When I had been in Istanbul I had decided to sell my FPV drone. I had stopped using it for months and no longer felt connected to it. Neither the flying, capturing, nor the editing appealed to me anymore. I knew I wouldn’t get a good deal for it, but I didn’t want to carry around something I wasn’t using. All the stuff that I was not using added up to something that felt heavy. While I was at the beach, a nice guy contacted me about buying my drone. We had a nice conversation via text messages and I had a good feeling about the deal. Since he lived far away from my home beach, I proposed that he would pay half the money in advance and the other half after the drone would have arrived. Two Turkish guys I talked to about the deal thought I couldn’t do it that way and said I shouldn’t trust Turkish guys when it comes to money because they would always take advantage if they could. I understood what they were saying but it still felt unfair to me. They didn’t even have a single contact with the buyer. I still had a good feeling about him and even though we had difficulties with transferring the money, he paid everything as we had agreed. So, I let go of my drone.

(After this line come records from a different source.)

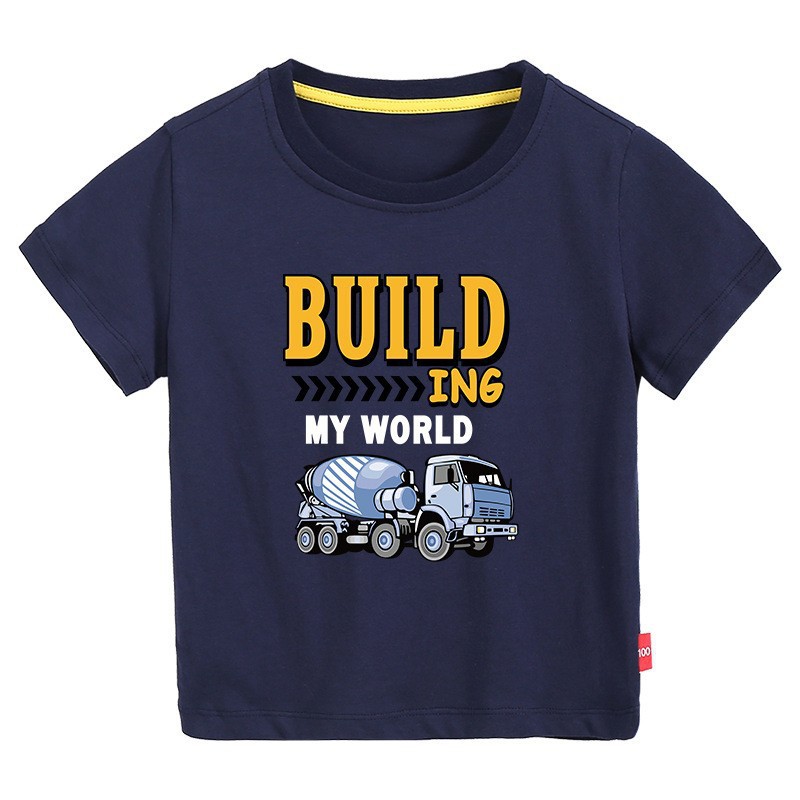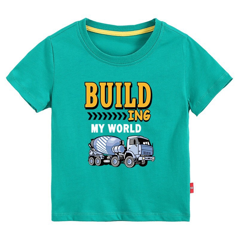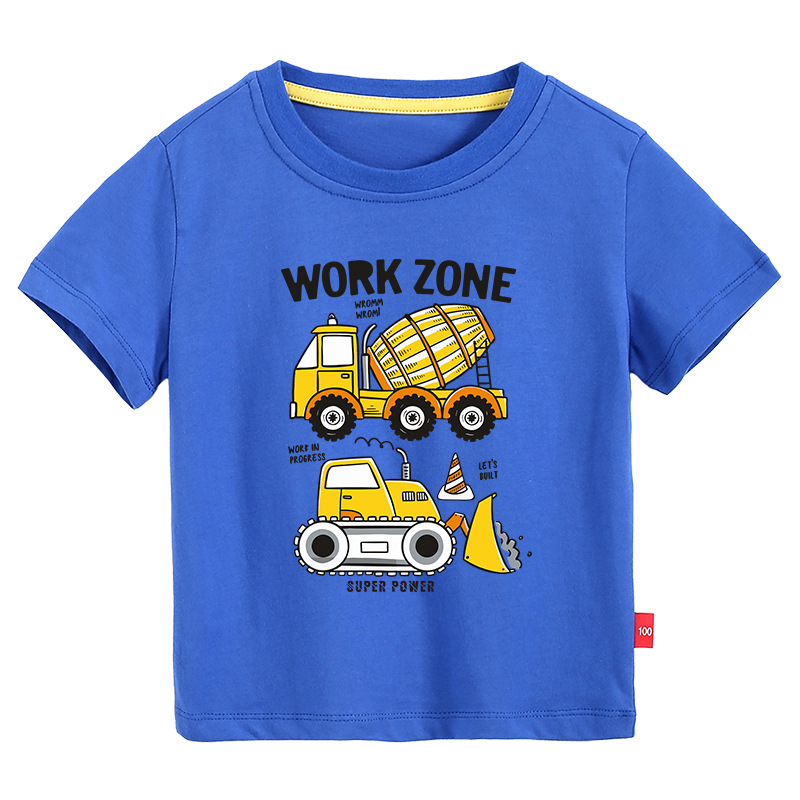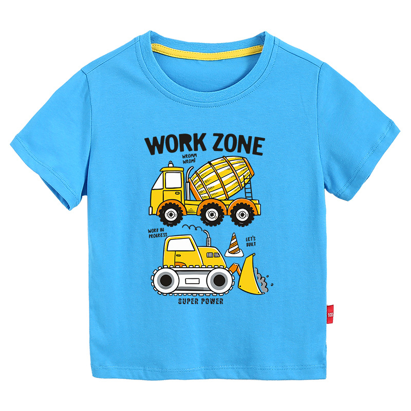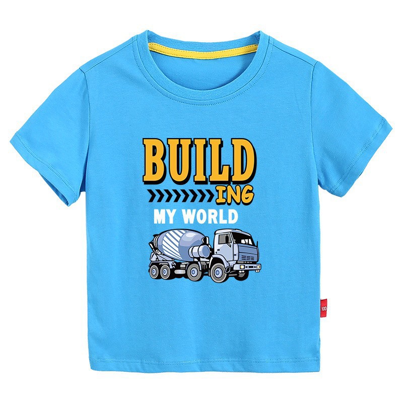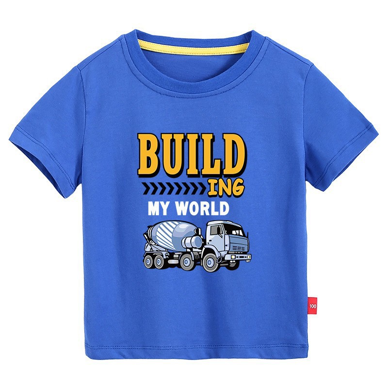 • 컬러 블루 짧은 소매 T-셔츠 엔지니어링 차량 #
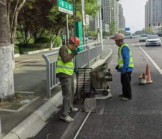 市政人员清挖排水窨井
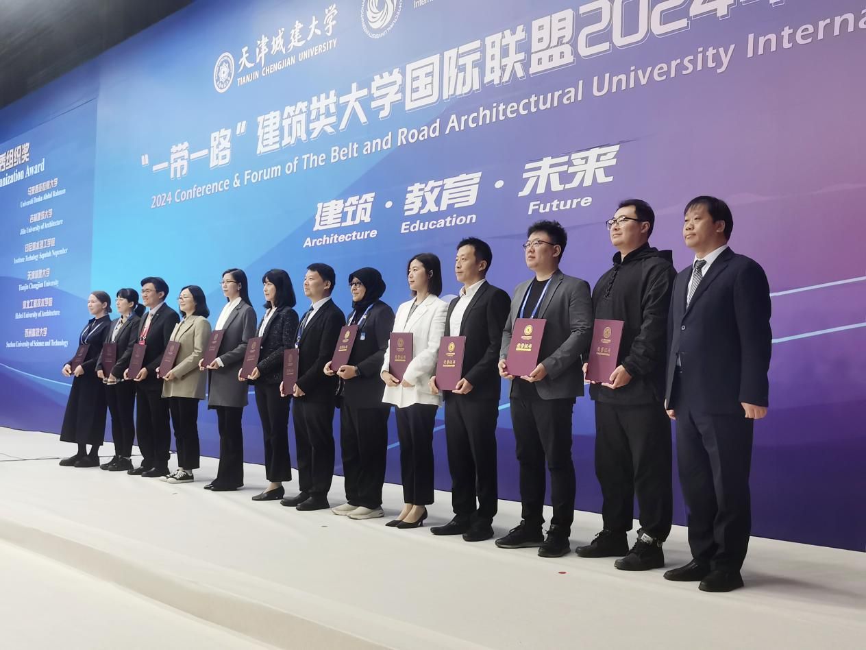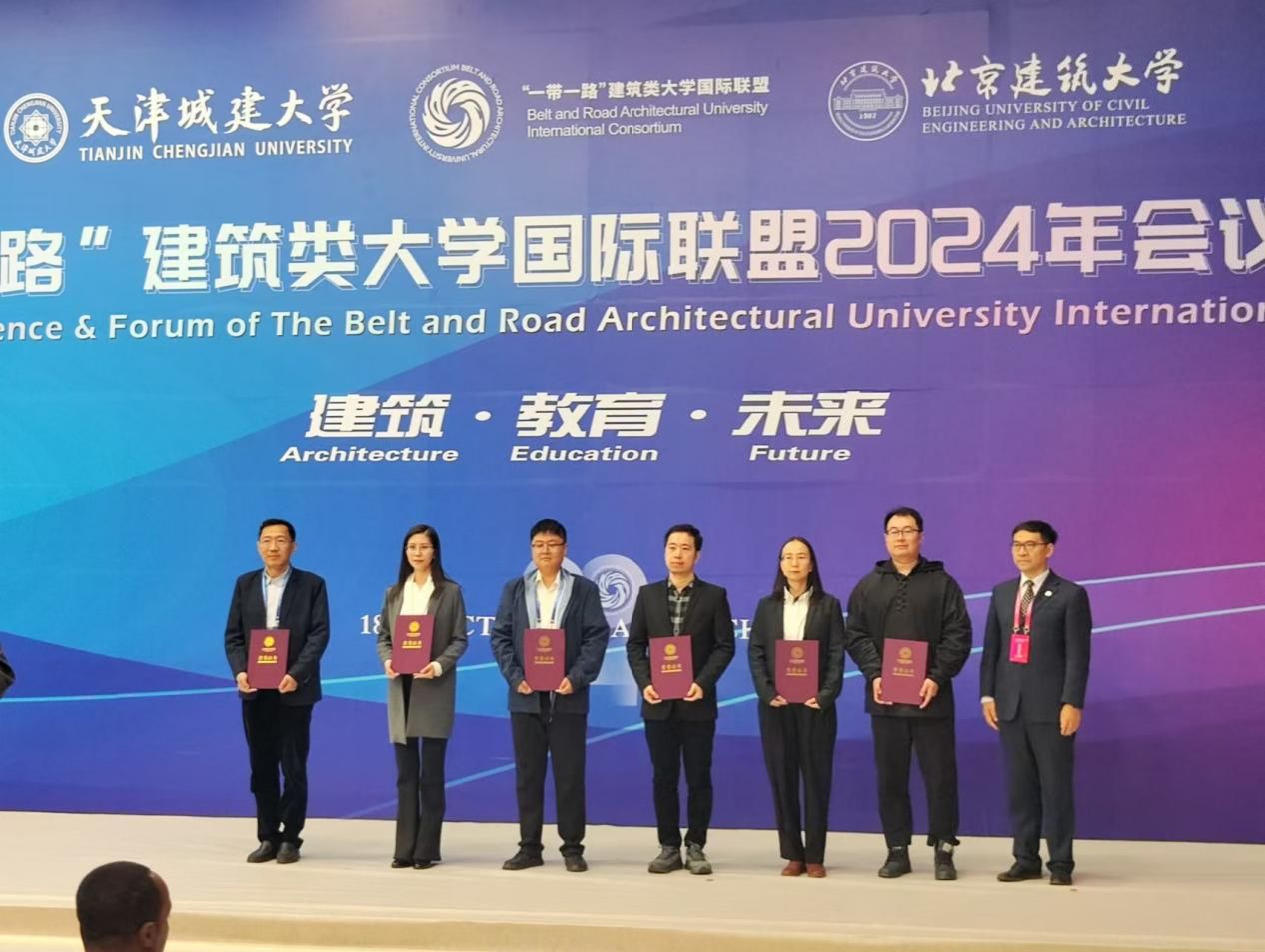 2024年10月18日-20日,“一带一路”建筑类大学国际联盟2024年会议暨论坛在天津城建大学召开。此次论坛由联盟主席单位北京建筑大学和天津城建大学联合举办,以“共‘筑’盛世之路·同绘繁华之卷”为主题。共吸引来自14国40余所高校和企业100余名联盟成员代表、专家学者和企业家代表参加,jinnianhui今年会官网建筑学系系主任齐成龙、骨干教师姜北荣、王洋洋一行三人参加了会议与颁奖仪式。
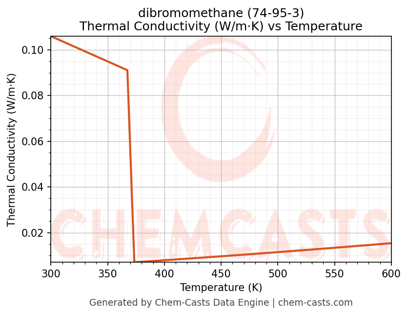 This page presents the temperature-dependent thermodynamic and transport properties of dibromomethane (CAS 74-95-3) calculated at a constant pressure of 1 atm (101325 Pa) over the temperature range 250-500 K.
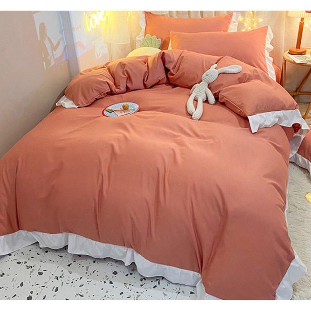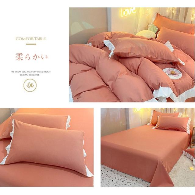 寝具セット4点セット 布団カバー ベッドカバー ベッドカバー 春秋 無地 ベッドカバー 掛け布団カバー シングル ダブル 柔らかい 綿 おしゃれ 寝具カバー
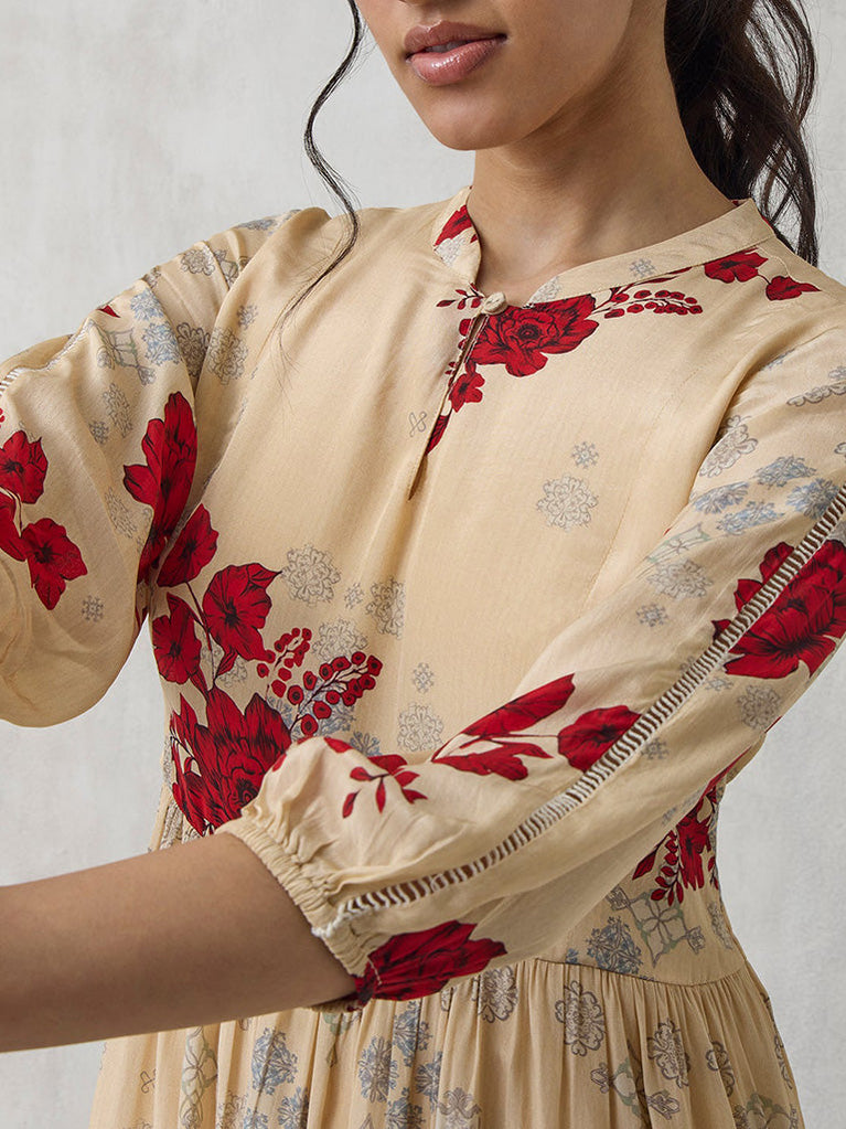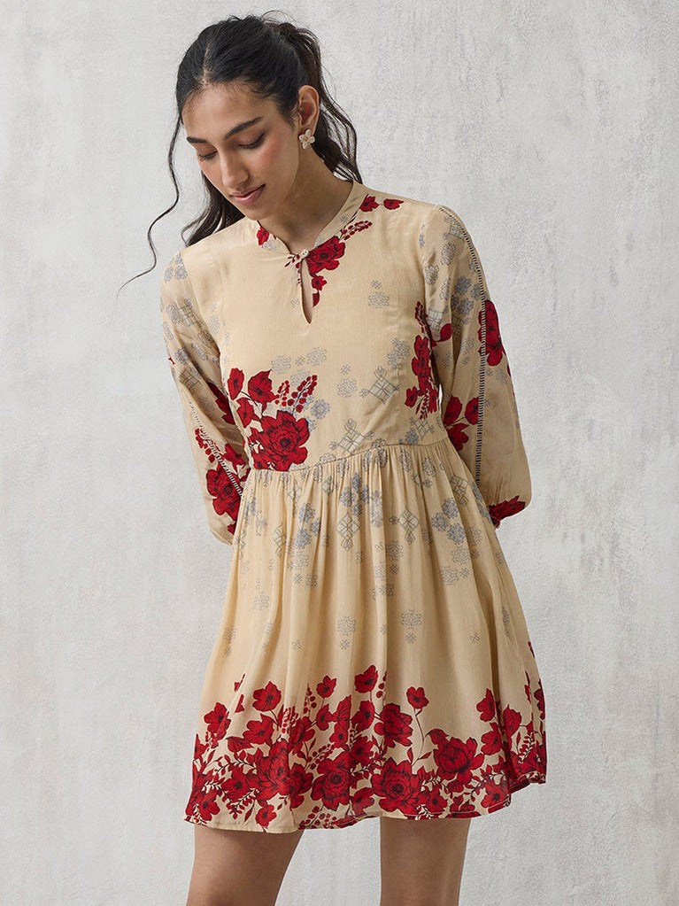 Brighten up your everyday collection with this beige mini dress crafted from a lightweight fabric for added comfort. This A-line dress is fashioned with a notched collar and button-fastening, three quarter sleeves as well as floral motifs all over for a feminine touch. It styles well with block heels and minimalistic jewellery for a chic outfit.
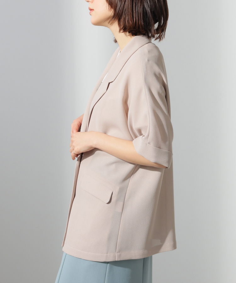 ゆるめのトップスにも合わせやすいドルマンスリーブと折り返しの袖口で、気になる二の腕をおしゃれにカバー。
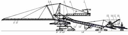 履带支撑车 15. 副司机室 16. 末段受料臂 17. 末段受料皮带机 18.卸料车
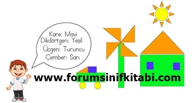 4) Aşağıdaki görselde kullanılan geometrik şekilleri istenen renklerde boyayınız.

At the same time, I was also selling my Deluge (a hardware groovebox, sequencer, and synthesizer) that I had once loved to use. However, at some point back in Bulgaria, I had noticed that I had stopped using it. Like with the drone, it didn’t feel good to keep the Deluge when I wasn’t using it anymore. Back in Bulgaria, I had given it to my friend Michele who took it with him to Germany. A nice guy bought it online and picked it up from Michele’s place. And with that, I let go of my Deluge.